表題番号:2012B-043 日付:2013/04/02
研究課題4~10世紀のモンゴリア南部・中国北部地帯における民族・文化融合の研究
研究者所属(当時) 資格 氏名
(代表者) 教育・総合科学学術院 教授 石見 清裕
研究成果概要
 2012年度の本研究課題に係る活動は、主として墓誌史料の解読とその史料的位置づけ作業に力を注いだ。というのも、中国南北朝・隋・唐・五代期(4~10世紀)の編纂史料(紀伝体・編年体の歴史書)については、私はほぼ把握しており、それらだけでは窺い知れない世界を認識の表面に浮かび上がらせたいからである。中国の墓誌とは、正方形の石に個人の生涯・業績を漢文で刻し、墓室に納めるものである。当然ながら、故人の生前の姿を表彰する記述が多いが、生前に関わった出来事などは客観的視点で記されるものであり、歴史研究では一級史料なのである。しかも、未だ読解されず、史料として使用されていない墓誌が多い。したがって、研究経費の多くは、墓誌の拓本集や録文集およびその研究書の購入に当てざるを得なかった。
 本年度、分析したのは、次の墓誌である。
① ソグド人「安伽墓誌」(北周期・6世紀)、② 柔然人「閭夫人墓誌」(北斉期・6世紀)、③ 突厥人「史善応墓誌」(唐代・7世紀)、④ 鉄勒人「僕固乙突墓誌」(唐代・7世紀)、⑤ 高句麗人「泉献誠墓誌」(唐代・7世紀)、⑥ 高句麗人「高足酉墓誌」(唐代・7世紀)、⑦ 波斯人「阿羅撼墓誌」(唐代・8世紀)。

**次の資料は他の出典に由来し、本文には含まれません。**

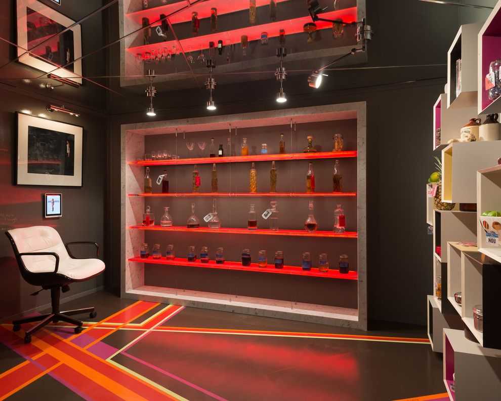 Создать трендовый дизайн интерьера получится, если сосредоточить на потолке некое подобие мозаики. Для воплощения этой идеи можно подобрать плоские светильники. Хорошо, если мозаика будет одинаковой геометрической формы. Светильники можно разместить на потолке в соответствии со строгим порядком, либо хаотично.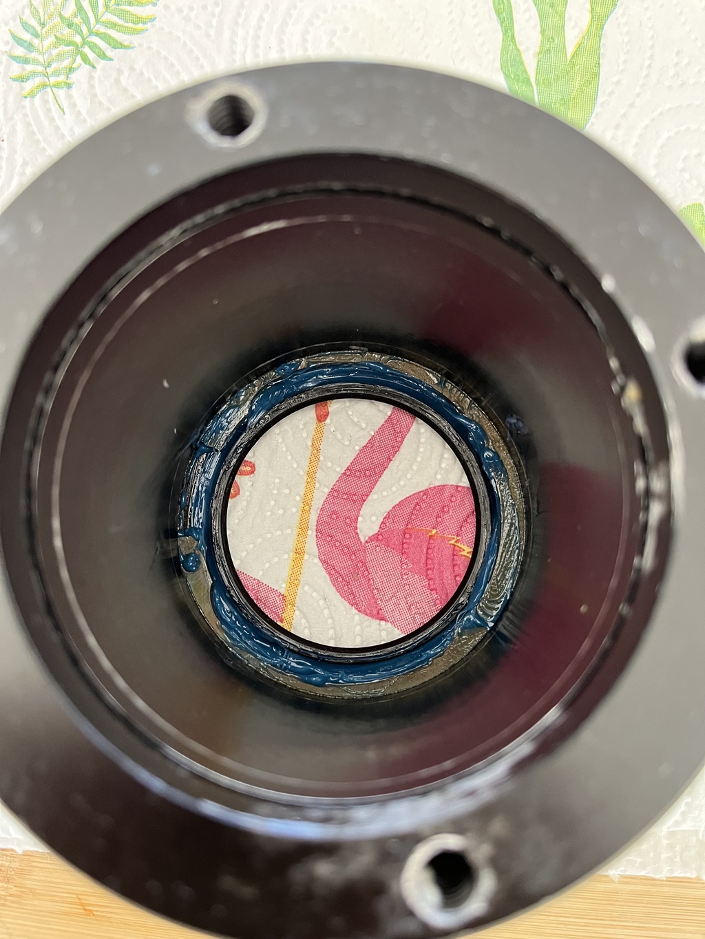 Après avoir bien nettoyé l’ensemble, j’ai commencé par le joint spi du bas, bien graissé et par le grand circlip intérieur du bas.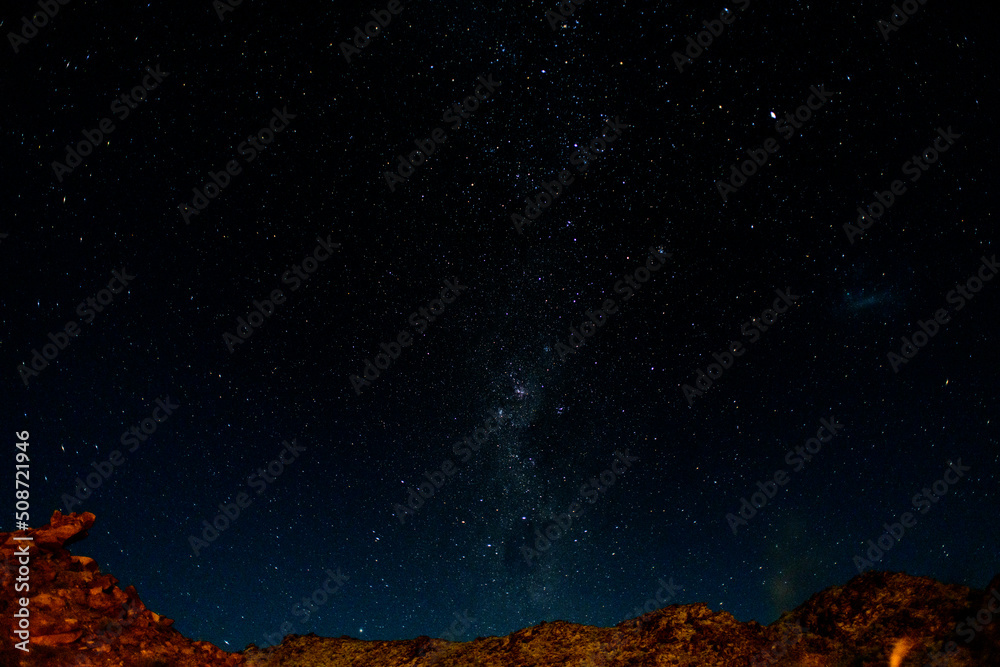 Night sky stars, Milky way galaxy with clouds. Moving and rotating stars. Photo was made in southern hemisphere.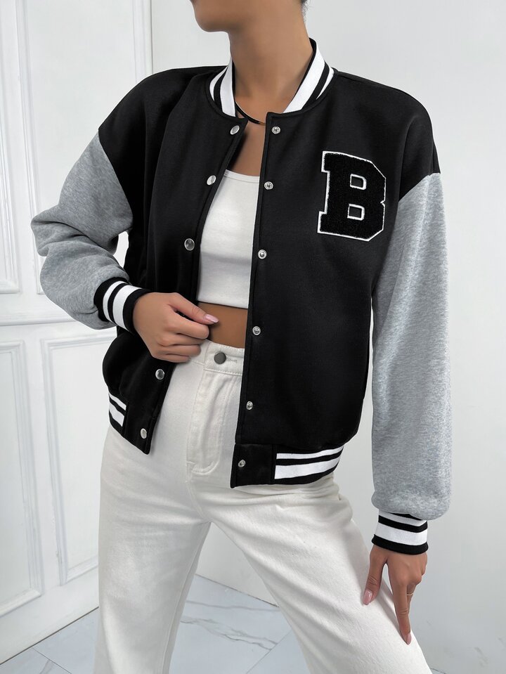 Letter Patched Striped Trim Drop Shoulder Varsity Jacket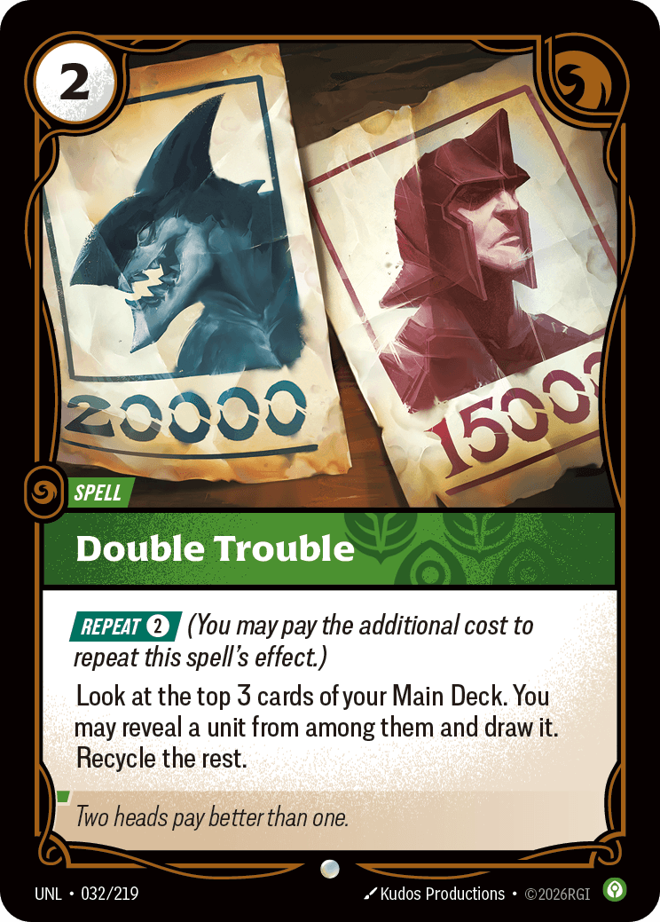 REPEAT :rb_energy_2: (You may pay the additional cost to repeat this spell's effect.) Look at the top 3 cards of your Main Deck. You may reveal a unit from among them and draw it. Recycle the rest.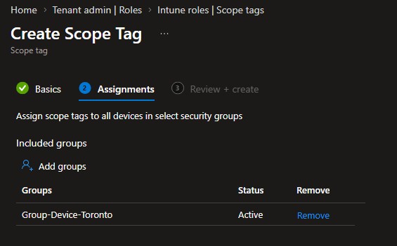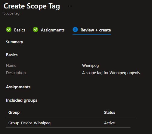 Review and create the Scope Tag. It will now be assigned to all objects in that group automatically. Repeat for the Winnipeg group.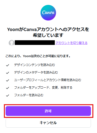 5.以下画像のように、アクセス許可画面が表示されるので、「許可」をクリックします。
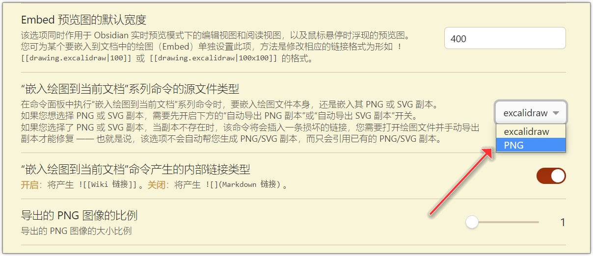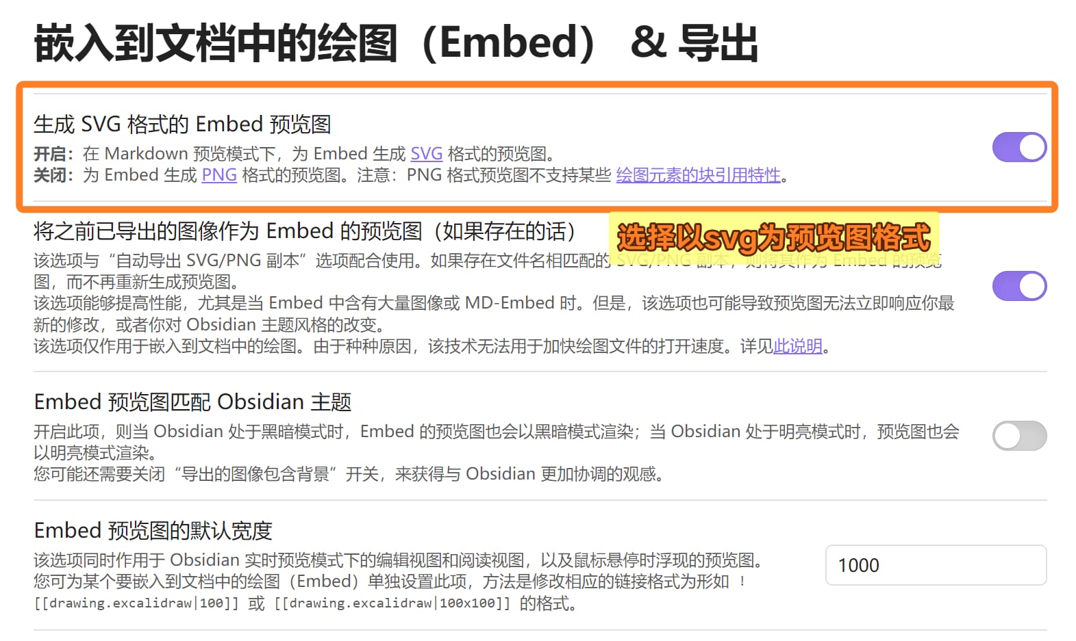 2、但是,嵌入 Excalidraw 源文件有个问题,在每次打开 .md 文件的时候实时解析,如果文件很复杂或者文件数量很多的时候会卡。我发现这个选项,可以嵌入一张 PNG 来作为预览图,应该可以很大程度上避免卡顿的问题,于是打开相关选项。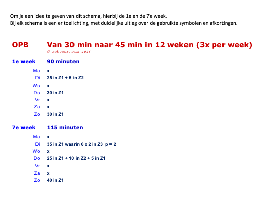 Dit schema is geschikt voor hardlopers die zonder problemen 30 minuten onafgebroken kunnen hardlopen. Elke week worden er drie hardlooptrainingen gedaan. In 12 weken werk je toe naar een niveau waarop je 45 minuten onafgebroken kunt hardlopen. Wil je rustiger opbouwen, kies dan de variant ‘in 18 weken’.

 これらは、いずれも非漢族に属する出身者で、中国に移住して死亡し、中国で埋葬された者たちである。したがって、民族の移動の実例がここから浮かび上がってくるのである。このうち、③は現在のところ未公開史料であり、私は中国の研究者の厚意によって個人的に拓本写真を入手できた。その他の墓誌についても、中国の研究機関に赴いて実見するつもりであったが(実際にはコネでそれは可能であったが)、折からの反日デモによって個人的に日本人に便宜を計るには時期的に不適当との返答であったため、断念した経緯がある。
 上記墓誌史料の分析は、今後学界に発表するつもりである(①に関してはすでに『史滴』第34号〈早稲田大学東洋史懇話会、2012年12月〉に発表したが、「特定課題研究助成費を受けた旨」などの記入を失念した)。
 なお、墓誌史料とトゥルファン新出土文書とを照らし合わせると、5~6世紀のユーラシア東半部の交通の様相が認識でき、それらは「梁職貢図」とも関係することが判明した。それについては、下記に投稿中である。